How do you read the Federal Reserve (Fed)'s decision of delaying the rate increase?
We see that the Fed's delayed decision, along with receding external (event) risks, will pave the way for the Reserve Bank of India (RBI) to cut the repo rate by 25 basis points (bps) later this month. (Repo rate is the rate at which RBI lends money to commercial banks in the event of any shortfall of funds.) The Fed said it 'is monitoring developments abroad' to see if the fundamental outlook changes over time. The focus will be mainly on the Chinese market. Of all the growth generated by the US, Europe, Japan, and Asia, over the past five years, 50 per cent has come from China alone. India seems well-placed to handle a globally volatile scenario.
How do you see events unfolding in China, and its impact on the world and India?
A slowdown in China will have an impact on the rest of the world. It is too early to arrive at a conclusion on the events unfolding in China. The impact will majorly be due to the size of the Chinese economy, its rapid growth, and the model China adopted during the early stages of its rising economy. But, we do not think China is headed for an abrupt slowdown.
The markets have been quite volatile due to uncertainties. Brokerages have also lowered their earnings and Sensex/Nifty targets. How is DBS looking at it?
The market turmoil is nothing to worry about. From India's perspective, the global economy remaining soft is not a bad thing. From a slightly longer-term perspective, lower commodity prices are good for consumption. After every crisis, people will start pricing risk properly. I don't think there is a perfect kind of scenario.
There is going to be a re-assessment of where the money is going to go. And, markets are not going to go away because the economy is weak, as global central banks have become pretty smart in terms of managing these crises. The world is not going to fall apart. But, stability in developed and developing economies is needed. Markets could go down five per cent, and, on the upside, 15 to 20 per cent. I am more optimistic.

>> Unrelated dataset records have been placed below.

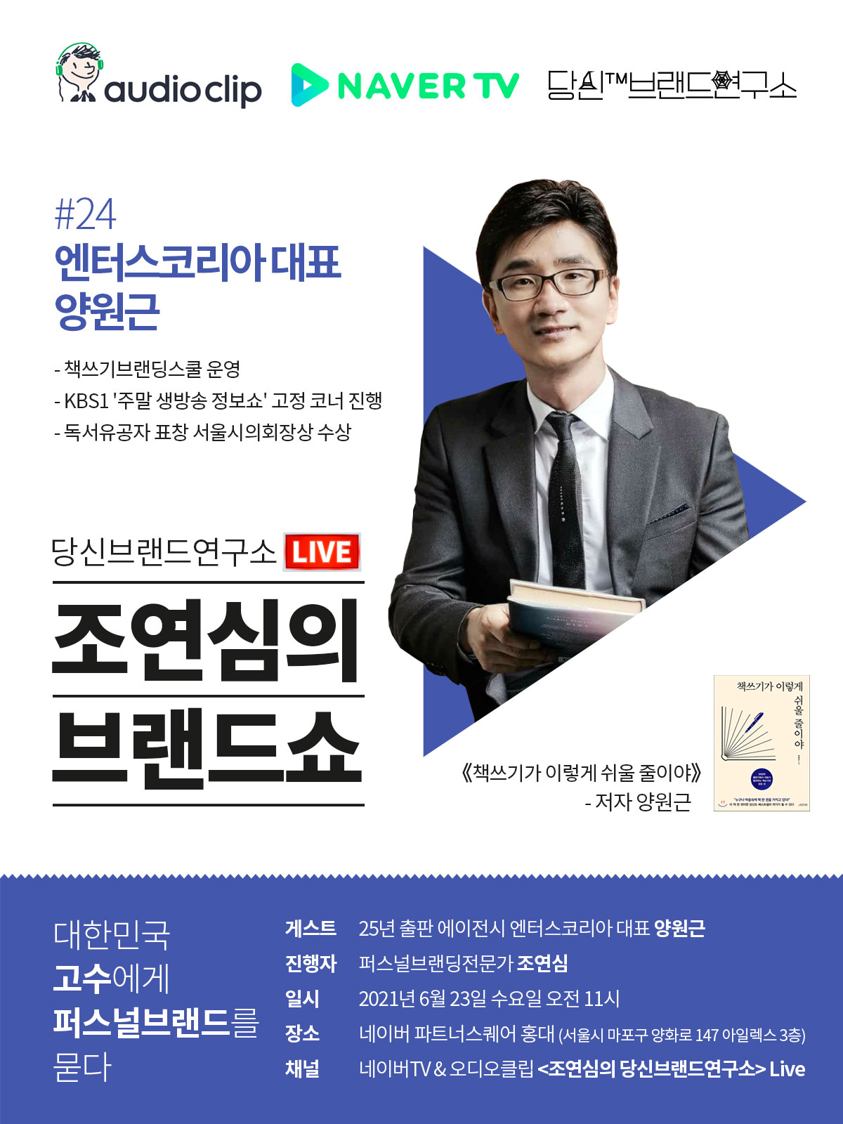네이버 오디오클립 당신브랜드연구소 & 네이버TV 동시 라이브 - 조연심의브랜드쇼- <책쓰기가 이렇게 쉬울줄이야> 양원근 엔터스코리아 대표 편
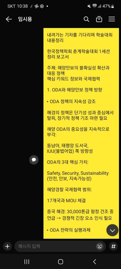 내가 가장 관심을 가진 세션은 해양안보와 ODA 정책 방향에 대한 발표였다.
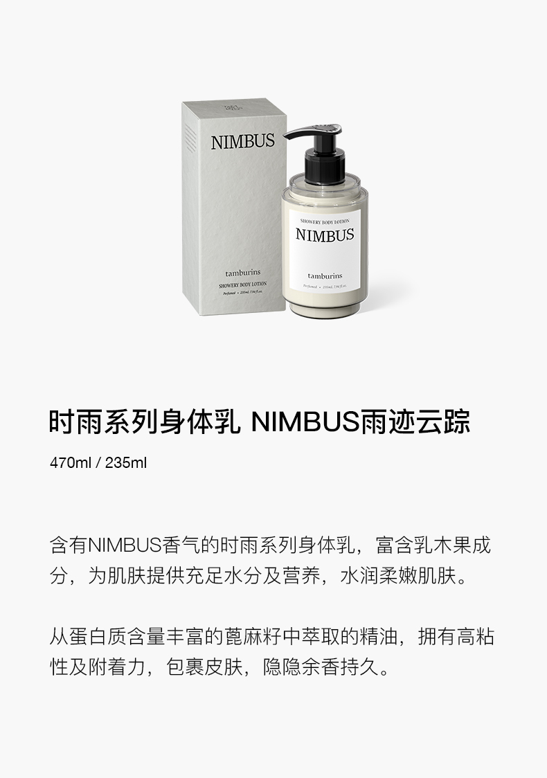 TAMBURINS時雨系列身體乳NIMBUS雨跡云蹤 JENNIE同款 滋潤留香
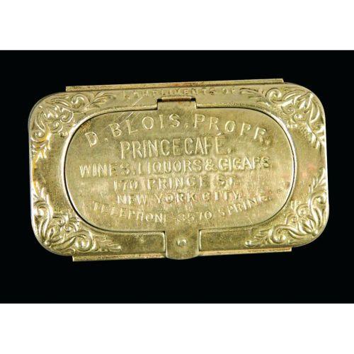 Rare Match Safe and stamp holder for the Prince Cafe D. Blois, Proprietor Wines, Liquors and Cigars, NY City. Match holder. Silver Plated, excellent condition. 2 3/4 x 1 5/8 inches.

The government's focus on increasing investment in infrastructure doesn't seem to reflect in the numbers. How do you see that? When do you expect investments to pick up pace?
At least anecdotally, what you hear from the ground, there is movement. The amount of highways being built today is much more than what were being built 24 months ago. Even in railways, there is an effort being made to clean up. There is no rocket science about this. However, some of it is about good governance. From what I understand, there is a lot of resistance. What we need to do is start increasing productivity. But, beyond a point, you can't, unless there is significant investment in growth. The benefits of those won't come soon.
These are long-term results we have to wait for. It's a tough thing. Prioritising problems is essential. If you don't execute these priorities, why will anyone invest in the country?
In the economy, which sectors are on the edge?
Commodities, especially minerals and metals, and banking continue to be one of those hammered by the stock markets. Those sectors will continue to face stress. But, given the price reductions, it's a great opportunity to invest in them.
Your take on policy rates? When do you see rates coming down?
The RBI did 75-bp worth of rate cuts in the first half of 2015. The outlook for the second half was clouded by the US central bank's rate direction and the fallout from a weak monsoon. These risks have fallen modestly and provide a window for two more 25-bp rate cuts within this financial year, the first of which we expect this month.
Broadly, there is growth potential in India. So, I continue to remain optimistic, but we need to improve our costs, essential for a sustained low-inflation environment.